Jo-Ellan Dimitrius, jury consultant at Richard’s trial, from her book Reading People.

What Watson Said
Dale Watson, PhD, a psychologist specialising in forensic psychology and neuropsychological assessment, was retained by post-conviction counsel acting on behalf of Richard Ramirez. The reason for Dr Watson’s evaluation of Richard should now be apparent; it was to determine whether Richard had been competent to stand trial and to waive his rights during his LA trial in 1989, as part of his appeals process.
His findings, echoing what previous doctors had found, should come as no surprise as we have covered it numerous times, so this section may seem repetitive. It is because the psychiatrists, neuropsychiatrists and forensic psychologists all came to the same conclusion; that Ramirez was suffering from many mental health problems and thought disorders. Considering Richard’s San Francisco trial had been stayed indefinitely in 1995, due to mental incompetence, one would think that was obvious. These conditions rendered him unable to understand proceedings and rationally assist his counsel.
Dale Watson interviewed Richard on three separate occasions, 29th September 1999, 26th October 1999 and 20th June 2000. This is ten years post-conviction, ten years! Richard was still displaying the same symptoms observed by William Vicary, Victor Henderson, and Dietrich Blumer had reported pre-trial, in 1985 and 1986.
Richard refused to see Watson twice, just as he did with Blumer. The first refusal came in 1999, and the second in 2003. One can imagine it was the only vestige of control Richard could exercise concerning his life, who he chose to see and refused. No reasons are given for these refusals; we could speculate that Richard may have been sick of the tests, and he also trusted no one. Whatever the reason was, Watson said in his report:
“Mr Ramirez’s level of disorganisation and subsequently his refusal to be seen for further evaluation precluded conducting a more thorough and comprehensive neuropsychological evaluation.”
Dale Watson from his report. Doc 7-21
What Watson Did.

“Petitioner was incapable of understanding what he was entitled to before, during, and after his trial. Petitioner did not understand how the court functioned or how his attorneys should be functioning. He could not understand that he had a right to a strong and vigorous defense in a trial where his life was at stake. Petitioner’s counsel failed to protect his interests throughout their representation of him, a four-year period”.

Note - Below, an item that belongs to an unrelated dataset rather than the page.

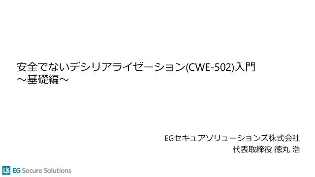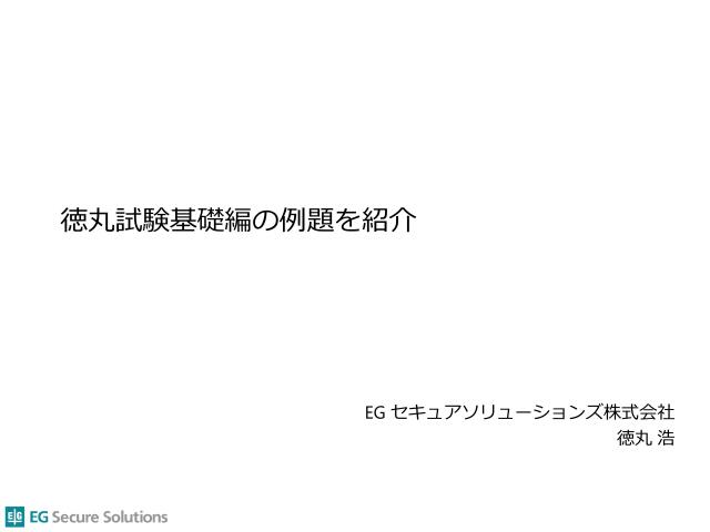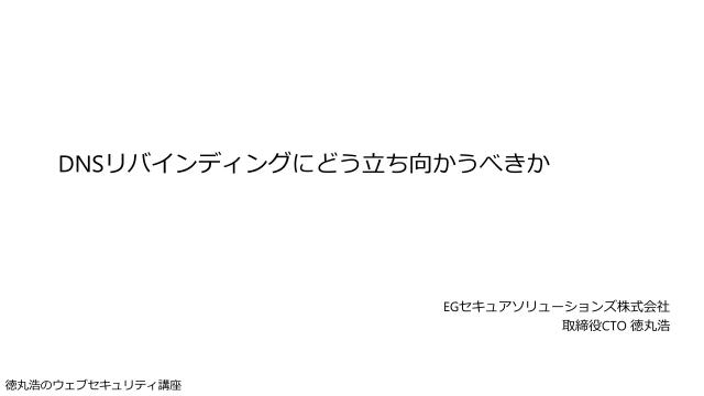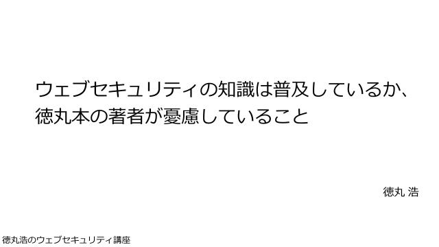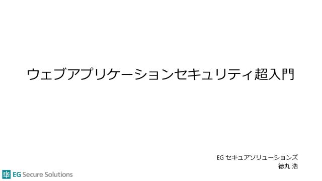 徳丸本の中の人 OWASP Japanアドバイザリーボード EGセキュアソリューションズ取締役CTO IPA非常勤職員

Writ of Habeas Corpus page 177
Along with the neuropsychological tests Dale Watson conducted, he reviewed Richard’s medical records, school reports, hospital reports, information from his time in TYC (Texas Youth Council), and his El Paso Guidance Centre reports. Additionally, he examined the declarations of other doctors who had interviewed and evaluated Richard. The testing and evaluation aimed to determine the level of cognitive brain functioning and formed a fundamental part of a reliable and comprehensive clinical evaluation. Each test is designed to provide insight into brain dysfunction’s presence, nature and extent.
A word about percentiles, the measurement used for gauging Richard’s performance. Not to be confused with percentages, which reflect how well an individual has performed in a test or exam; percentiles show the performance compared to other individuals who also completed the test. For example, if someone falls at the 25th percentile, it means they achieved a higher score than 25% of others who also took the same test or exam.
The Tests
The Wisconsin Card Sorting Test (WCST)

This test aimed to measure cognitive processes such as memory, abstract thinking, attention and cognitive ability. It can also measure perseverative behaviours and the insistence of an individual to repeat the same behaviour when it is inappropriate. The WCST is considered a measure of executive functioning because of its sensitivity to the frontal lobe area of the brain.

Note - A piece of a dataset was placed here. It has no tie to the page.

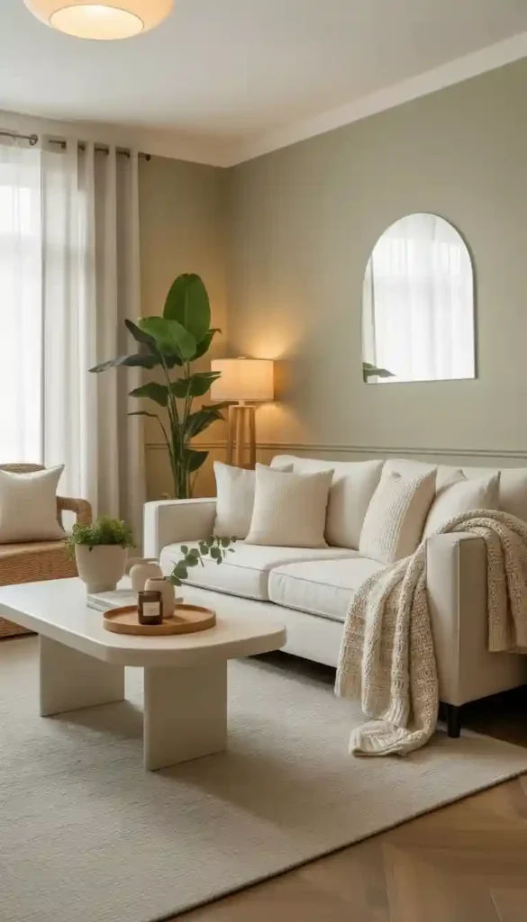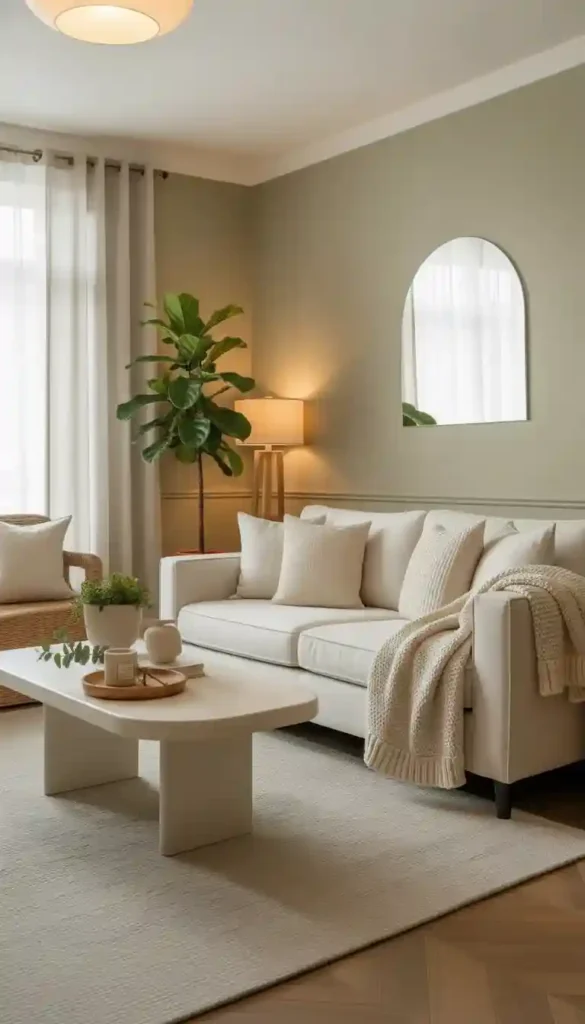 - Add one sage or dusty green cushion to create a gentle echo between the sofa and the wall

The subject is asked to place each upcoming card onto one of the four piles; there are no directions, and they may choose either colour, shape or number. Whichever category they choose is “correct” for several categories but then is met with an “incorrect” response, and they must switch sets to get a “correct” answer again. A failure to change sets is termed “perseveration”.
Richard fell in the 2nd percentile and was within the mild to moderately impaired range. Watson believed Richard was drawn to the saliency of the stimulus rather than solving the problem itself; in other words, the colours and shapes caught his eye, and that overrode the task itself. He had difficulty changing to the new rules and repeatedly made the same mistakes, even when shown that it was wrong.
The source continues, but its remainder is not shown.